Brief:
Write out the entries verbatim and leave the images out of the copy.

Data records
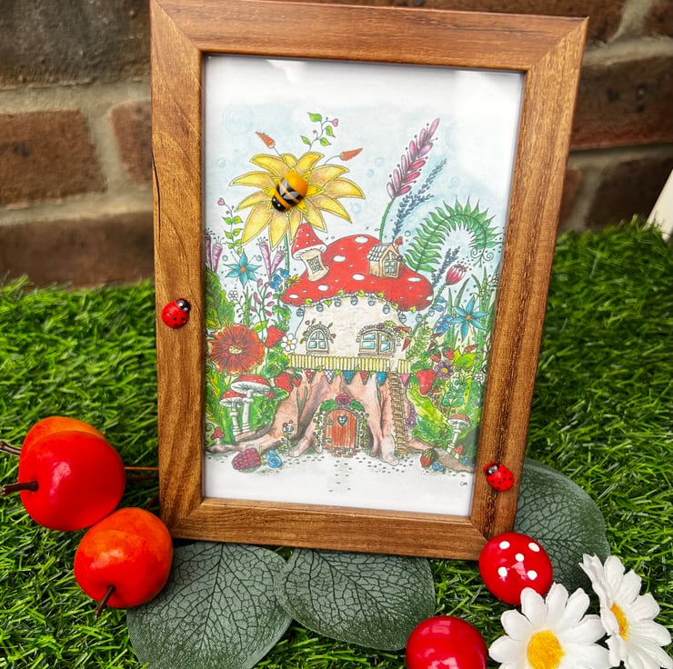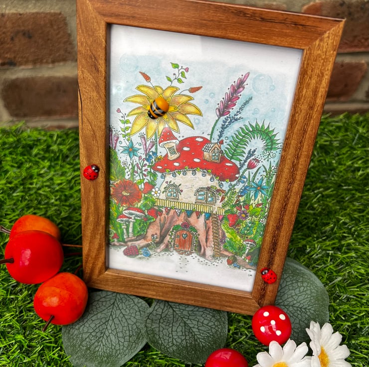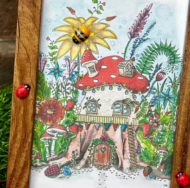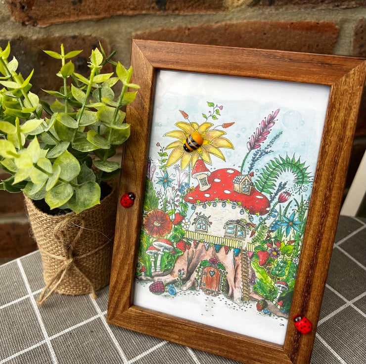 This craft is handmade, the fairy house illustration is a print of my own work which is drawn using pen and watercolour pencils.
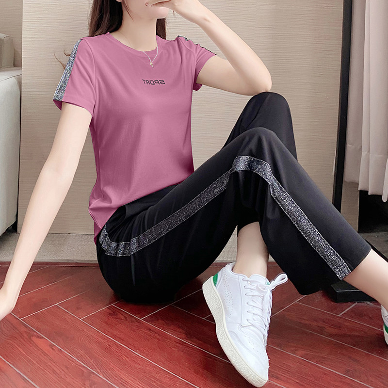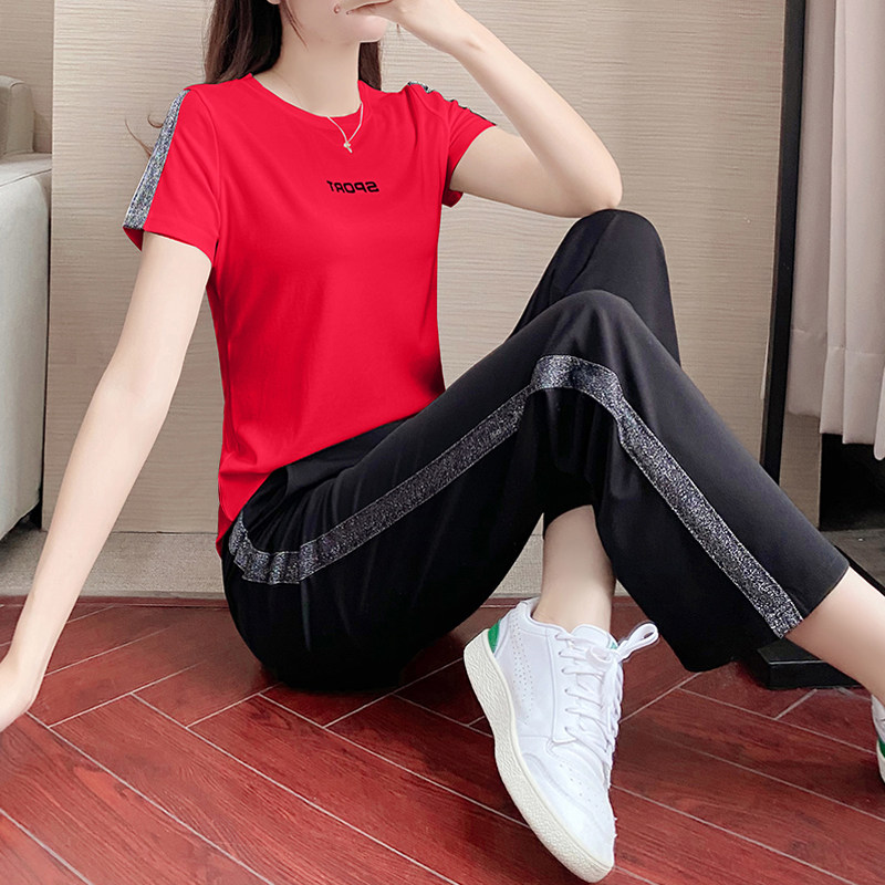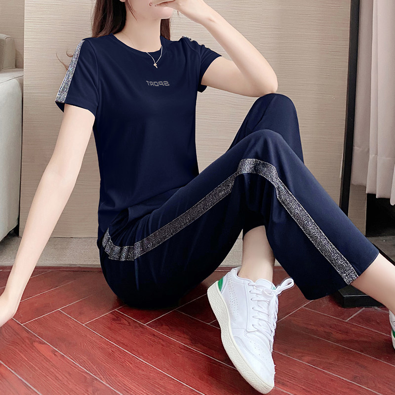 European Station White Ice Silk Casual Sports Suit Women Summer Grand size 2022 New fashion short sleeves Two sets of damp
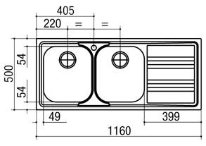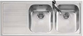 Descrizione: Lavello doppia vasca con gocciolatoio in acciaio inox linea Life, cm 116, bordo ribassato, sifone in dotazione
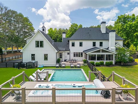 Experience the best of Milton living at 13815 Cowart Road, a truly one-of-a-kind property where thoughtful design meets unmatched outdoor living on over 3 spectacular, flat, private, and buildable acres. Tucked away on a peaceful dead-end street with no thru traffic, this coveted walk-out home is surrounded by natural beauty including protected wooded land across the street owned by Summit Hill Elementary that will never be developed. From the moment you arrive, the paved circular driveway and manicured landscaping welcome you with timeless curb appeal. Every detail of this home has been professionally designed with high-end finishes, custom lighting, and hardwood flooring throughout. The main level has an abundance of natural light and was made for entertaining and everyday comfort. Accordion doors open the living room to an enclosed porch with a wood-burning fireplace, creating a seamless indoor-outdoor flow. The chef’s kitchen is a true showpiece, featuring dual islands, leathered marble countertops, Wolf appliances, custom cabinetry, and designer lighting. A walk-in butler’s pantry offers exceptional storage and functionality. The formal dining room shines with its own fireplace and space for large gatherings, while a spacious mudroom includes laundry, extra fridge, workstations, and built-ins for effortless organization. The primary suite on the main level offers a luxurious, private retreat with rare separate his and hers closets with custom closet systems. The en-suite bath features custom tilework, designer mirrors, and high-end lighting. Floating stairs lead to three upstairs bedrooms, two bathrooms, and a secondary laundry room, while a separate staircase leads to a private guest suite above the garage with its own living space—perfect for guests, teens, or multi-generational living. Outside of the spectacular home, the land and outdoor wonderland is what makes this property truly unforgettable and special. The backyard is a private oasis designed with both relaxation and adventure in mind. A top-of-the-line, oversized professional swim spa with Trex decking offers year-round fun and was a $150K+ upgrade. The flat, turfed backyard also includes a heated pool, sundeck, new paver patio, and outdoor kitchen, perfect for dining al fresco or hosting family and friends. Beyond the yard, the property opens up to a world of exploration: ATV trails, a zip line, a custom Firefly Treefort, swing set, and a firepit with string lights await. It’s a true back-to-nature escape that’s rare to find so close to Downtown Alpharetta, Crabapple, GA-400, and more! It’s a lifestyle, a sanctuary, and a place where unforgettable memories are made. Come experience the magic of 13815 Cowart Road for yourself.
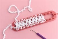 The looms are typically sold as a set, with a loom hook, a plastic yarn needle, and basic instructions for something like a hat and tube scarf. You perform the first knitting step, the “cast on,” by wrapping the yarn around each peg in a “Cursive E” looping pattern all the way around the loom. Here’s a tutorial for a loom knit hat with a visual breakdown of the first cast on step:
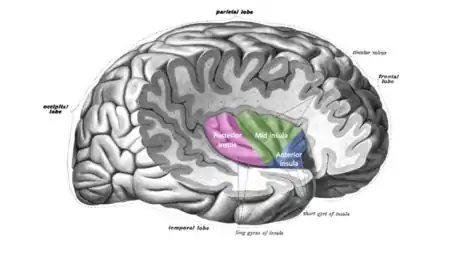 The anterior insular cortex (AIC) is involved in the representation of "cognitive feelings" which arise from the moment-to-moment integration of homeostatic information from the body. These feelings engender self-awareness by creating a sentient being (someone able to feel and perceive) aware of bodily and cognitive processing.[46] Essentially all subjective bodily feelings are associated with activation in the anterior insula: interoceptive feelings come to awareness in the anterior insula. PET studies of cool feelings revealed that activiation that correlated with the subjective ratings of cool temperatures on the hand appeared first in the mid-insula, and then it was strongest in the right anterior insula and orbitofrontal cortex. Feelings from the body of heat pain or C-tactile affective touch also produce activation in the posterior, mid-, and anterior insula, and the strongest activation associated with these subjective feelings is in the anterior insula. One study of heat pain explicitly showed that activation in the dorsal posterior insula correlated with objective painful heat intensity, whereas activation in the right anterior insula correlated with subjective pain intensity ratings. Similarly, subjective ratings of flavors and tastes correlates strongly with activation in the left anterior insula. The available evidence supports the interpretation that feelings from the body is engendered in the anterior insula.[53][54][55]
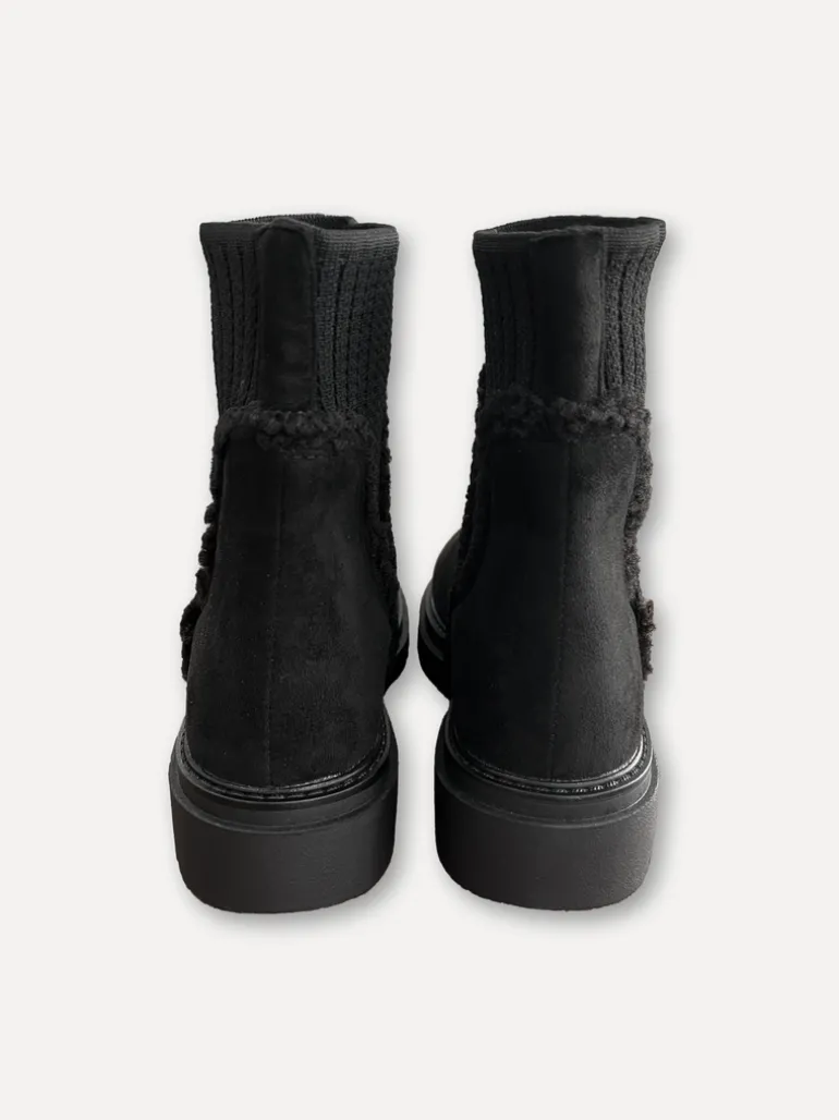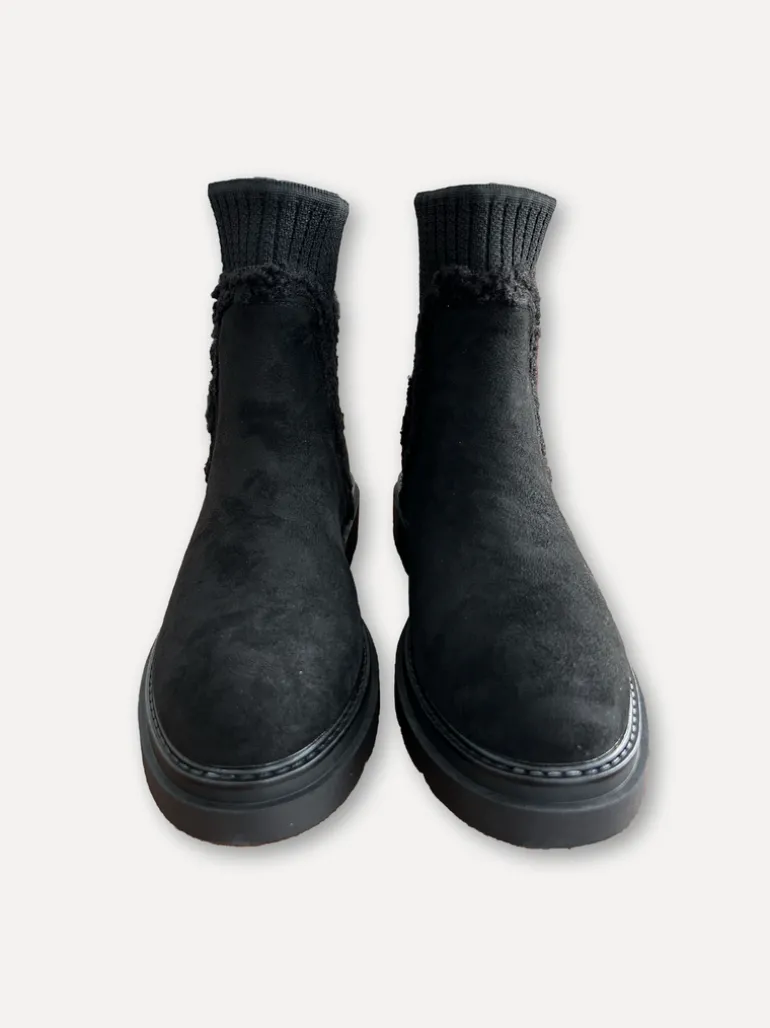 Låg boot i konstmocka med stretchig textilkant och gummisula. Perfekt för den kommande hösten. Snygg att matcha med strumpbyxor/tights och en skön klänning och Cardigan.
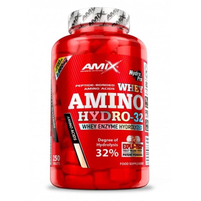 AMINO HYDRO 32 predstavljaju kompletnu aminokiselinsku formulu u obliku tableta. Ove aminokiseline potječu isključivo iz izolata proteina sirutke. Stupanj hidrolize je 32% što znači da ovaj proizvod ima najbolju biološku vrijednost i apsorpciju u organizmu te kao takav brzo i intenzivno hrani mišiće nakon teških napornih treninga te u njima pokreće anaboličke procese potrebne za oporavak i izgradnju čiste mišićne mase.
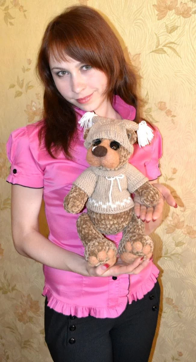 Делала на заказ еще одну Радость.Конечно же , немного нового в образе - кофточка с ажурным воротничком, по просьбе заказчицы ажурный ободочек, немного не такой как хотелось, просто тот, что планировался категорически не подошел мишутке.
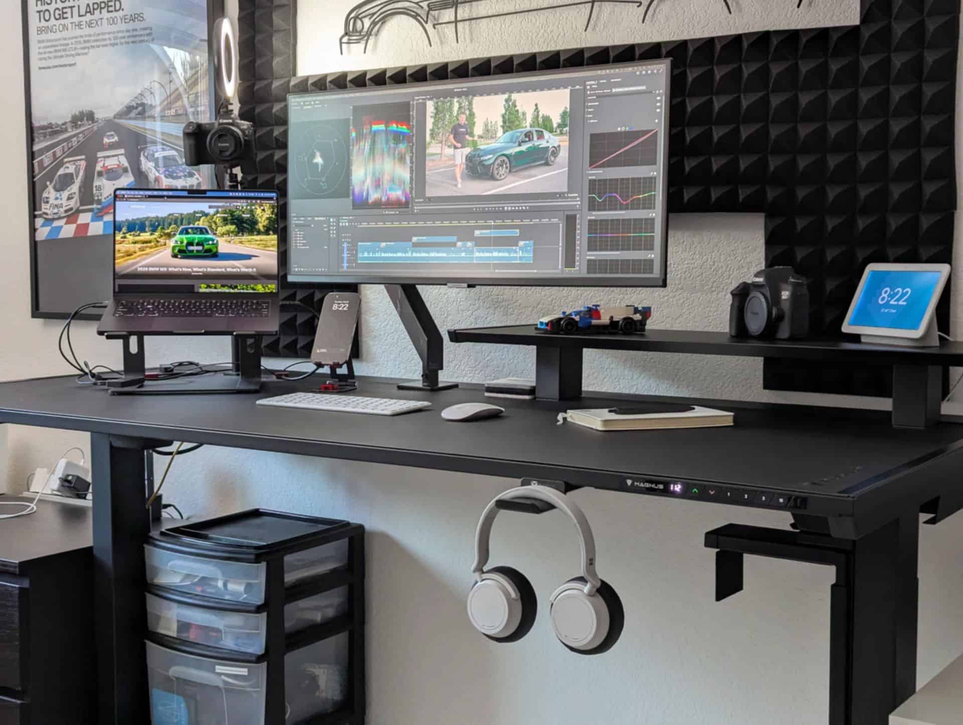 One of our constant challenges as video creators is optimizing our editing space. Editing isn’t just about power—it’s about posture, comfort, screen space, and adjustability. We needed a setup that could support the long hours spent crafting car reviews, interviews, and recaps from events like Pebble Beach or CES. That’s where the Secretlab MAGNUS Pro standing desk and MAGNUS Monitor Arm (Heavy Arm Edition) came in.

Solution to the exercise:
 This craft is handmade, the fairy house illustration is a print of my own work which is drawn using pen and watercolour pencils.
 European Station White Ice Silk Casual Sports Suit Women Summer Grand size 2022 New fashion short sleeves Two sets of damp
 Descrizione: Lavello doppia vasca con gocciolatoio in acciaio inox linea Life, cm 116, bordo ribassato, sifone in dotazione
 Experience the best of Milton living at 13815 Cowart Road, a truly one-of-a-kind property where thoughtful design meets unmatched outdoor living on over 3 spectacular, flat, private, and buildable acres. Tucked away on a peaceful dead-end street with no thru traffic, this coveted walk-out home is surrounded by natural beauty including protected wooded land across the street owned by Summit Hill Elementary that will never be developed. From the moment you arrive, the paved circular driveway and manicured landscaping welcome you with timeless curb appeal. Every detail of this home has been professionally designed with high-end finishes, custom lighting, and hardwood flooring throughout. The main level has an abundance of natural light and was made for entertaining and everyday comfort. Accordion doors open the living room to an enclosed porch with a wood-burning fireplace, creating a seamless indoor-outdoor flow. The chef’s kitchen is a true showpiece, featuring dual islands, leathered marble countertops, Wolf appliances, custom cabinetry, and designer lighting. A walk-in butler’s pantry offers exceptional storage and functionality. The formal dining room shines with its own fireplace and space for large gatherings, while a spacious mudroom includes laundry, extra fridge, workstations, and built-ins for effortless organization. The primary suite on the main level offers a luxurious, private retreat with rare separate his and hers closets with custom closet systems. The en-suite bath features custom tilework, designer mirrors, and high-end lighting. Floating stairs lead to three upstairs bedrooms, two bathrooms, and a secondary laundry room, while a separate staircase leads to a private guest suite above the garage with its own living space—perfect for guests, teens, or multi-generational living. Outside of the spectacular home, the land and outdoor wonderland is what makes this property truly unforgettable and special. The backyard is a private oasis designed with both relaxation and adventure in mind. A top-of-the-line, oversized professional swim spa with Trex decking offers year-round fun and was a $150K+ upgrade. The flat, turfed backyard also includes a heated pool, sundeck, new paver patio, and outdoor kitchen, perfect for dining al fresco or hosting family and friends. Beyond the yard, the property opens up to a world of exploration: ATV trails, a zip line, a custom Firefly Treefort, swing set, and a firepit with string lights await. It’s a true back-to-nature escape that’s rare to find so close to Downtown Alpharetta, Crabapple, GA-400, and more! It’s a lifestyle, a sanctuary, and a place where unforgettable memories are made. Come experience the magic of 13815 Cowart Road for yourself.
 The looms are typically sold as a set, with a loom hook, a plastic yarn needle, and basic instructions for something like a hat and tube scarf. You perform the first knitting step, the “cast on,” by wrapping the yarn around each peg in a “Cursive E” looping pattern all the way around the loom. Here’s a tutorial for a loom knit hat with a visual breakdown of the first cast on step:
 The anterior insular cortex (AIC) is involved in the representation of "cognitive feelings" which arise from the moment-to-moment integration of homeostatic information from the body. These feelings engender self-awareness by creating a sentient being (someone able to feel and perceive) aware of bodily and cognitive processing.[46] Essentially all subjective bodily feelings are associated with activation in the anterior insula: interoceptive feelings come to awareness in the anterior insula. PET studies of cool feelings revealed that activiation that correlated with the subjective ratings of cool temperatures on the hand appeared first in the mid-insula, and then it was strongest in the right anterior insula and orbitofrontal cortex. Feelings from the body of heat pain or C-tactile affective touch also produce activation in the posterior, mid-, and anterior insula, and the strongest activation associated with these subjective feelings is in the anterior insula. One study of heat pain explicitly showed that activation in the dorsal posterior insula correlated with objective painful heat intensity, whereas activation in the right anterior insula correlated with subjective pain intensity ratings. Similarly, subjective ratings of flavors and tastes correlates strongly with activation in the left anterior insula. The available evidence supports the interpretation that feelings from the body is engendered in the anterior insula.[53][54][55]
 Låg boot i konstmocka med stretchig textilkant och gummisula. Perfekt för den kommande hösten. Snygg att matcha med strumpbyxor/tights och en skön klänning och Cardigan.
 AMINO HYDRO 32 predstavljaju kompletnu aminokiselinsku formulu u obliku tableta. Ove aminokiseline potječu isključivo iz izolata proteina sirutke. Stupanj hidrolize je 32% što znači da ovaj proizvod ima najbolju biološku vrijednost i apsorpciju u organizmu te kao takav brzo i intenzivno hrani mišiće nakon teških napornih treninga te u njima pokreće anaboličke procese potrebne za oporavak i izgradnju čiste mišićne mase.
 Делала на заказ еще одну Радость.Конечно же , немного нового в образе - кофточка с ажурным воротничком, по просьбе заказчицы ажурный ободочек, немного не такой как хотелось, просто тот, что планировался категорически не подошел мишутке.
 One of our constant challenges as video creators is optimizing our editing space. Editing isn’t just about power—it’s about posture, comfort, screen space, and adjustability. We needed a setup that could support the long hours spent crafting car reviews, interviews, and recaps from events like Pebble Beach or CES. That’s where the Secretlab MAGNUS Pro standing desk and MAGNUS Monitor Arm (Heavy Arm Edition) came in.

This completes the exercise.